Scared of overfeading

JayJay

Arachnopeon
Joined
Jan 15, 2011
Messages
9
I am getting an A. Brocklehursti and was told these are one of the few I need to worry about overfeeding. He will be a .25 in sling from Ken The Bug Guy, I will be feeding him crickets, but I will be pre-killing them for him until he is older. I was wondering if I need to limit the amount of dead cricket I give him, or should I just smash the head, throw him in and take him out a few hours later?
And to stick another small question in here, I will be keeping him in a 20 dram vial, I was wondering, and I know it's probably just nit picking, but should I mist the vial ( avoiding the sling ofcourse ) or just run a few straw drops around the edges and one in the middle of the vial every few days? Thanks in advance!

- Temp Sig, A. Brocklehursti name, wich would you choose, Brock Sampson, or Thokgron?
 

AgentD006las

Arach-how about..NO
Old Timer
Joined
Jan 30, 2010
Messages
590
I have 80+ Ts and i havent had any negetive effects from powerfeeding. :) Feed them all they can eat and they will be fine.

For a spiderling:
You should feed twice a week. Dont worry, they wont eat unless they are hungry. :cool:
 

NikiP

Arachnobaron
Old Timer
Joined
Apr 16, 2006
Messages
540
No need to limit :) I feed a lot of my small guys adult crickets that i've smashed the head of. They eat what they want & leave the rest.

And it's fine to just mist a side of the vial. If some gets on the sling, it's not a big deal either.
 

JayJay

Arachnopeon
Joined
Jan 15, 2011
Messages
9
Sweet Thank you for the quick response, one small other question, as a sling should I keep em a little bit on the warm, around 75F? or is it ok to keep them the same as I normally do, 68-70F

Btw AgentD006las, I seen a few of your vids on youtube, one spider stood out for me on -feeding 003, and I am so going to get a P. Ornatas next, very sweet looking =)
 

AgentD006las

Arach-how about..NO
Old Timer
Joined
Jan 30, 2010
Messages
590
Sweet Thank you for the quick response, one small other question, as a sling should I keep em a little bit on the warm, around 75F? or is it ok to keep them the same as I normally do, 68-70F

Btw AgentD006las, I seen a few of your vids on youtube, one spider stood out for me on -feeding 003, and I am so going to get a P. Ornatas next, very sweet looking =)
They will do just fine at room temp. They will grow slower and eat less at those temps. If they get under 60 you may want to bump the temps.
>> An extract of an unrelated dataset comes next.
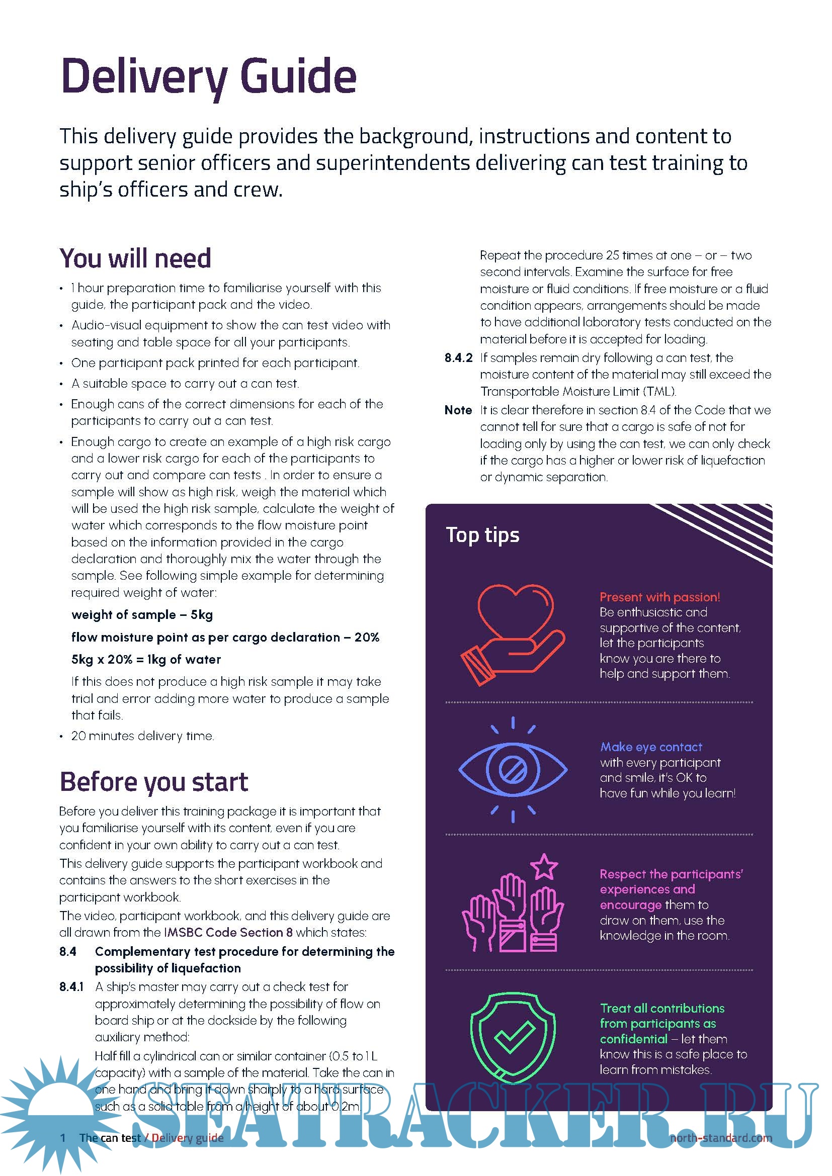 . This delivery guide provides the background, instructions and content to support senior officers and superintendents delivering can test training to ship's officers and crew.

A good rule of thumb is if your comfortable, they are comfortable. Pick up The Tarantula Keepers guide. That will answer most your questions and makes for a great read when your fussing over your Ts. :)

I dont reccomend getting a pokie or any Old World tarantula just yet. Old worlds have more potent venom than New worlds. Try something new world for your first arboreal. Avics are a good NW arboreal beginner. :)

Before getting into pokies and other old worlds..

Tapinachenius are Psalmopoeus are both defensive but dont have as potent venom or any urticating hairs. Alot of people agree these are a better choice for getting used to the speed of agressive spiders w/o the nasty bite.

BTW: P. ornata and P. fasciata are known to have the nastiest temperment. Good pokies to start with are.. P. regalis, P. formosa, P. miranda and P. metallica. These four are considered to be calm.
 

sharpfang

Arachnoangel
Old Timer
Joined
Aug 20, 2009
Messages
913
Those fat slings

Came from a successful breeding by: "Kenzie" and are well-started - I've been feeding them baby turkish roaches :}
They are fast growing tarantula species, that approaches 8" in Adult-Size.

En~joy! - Jason
 

esotericman

Arachnoknight
Old Timer
Joined
Nov 15, 2004
Messages
298
At Arachnocon there was a round table discussion with a few folks who post here all the time including Jacobi and Eric. The entire group agreed over feeding is the number one problem in our hobby. So eventually it can be a problem.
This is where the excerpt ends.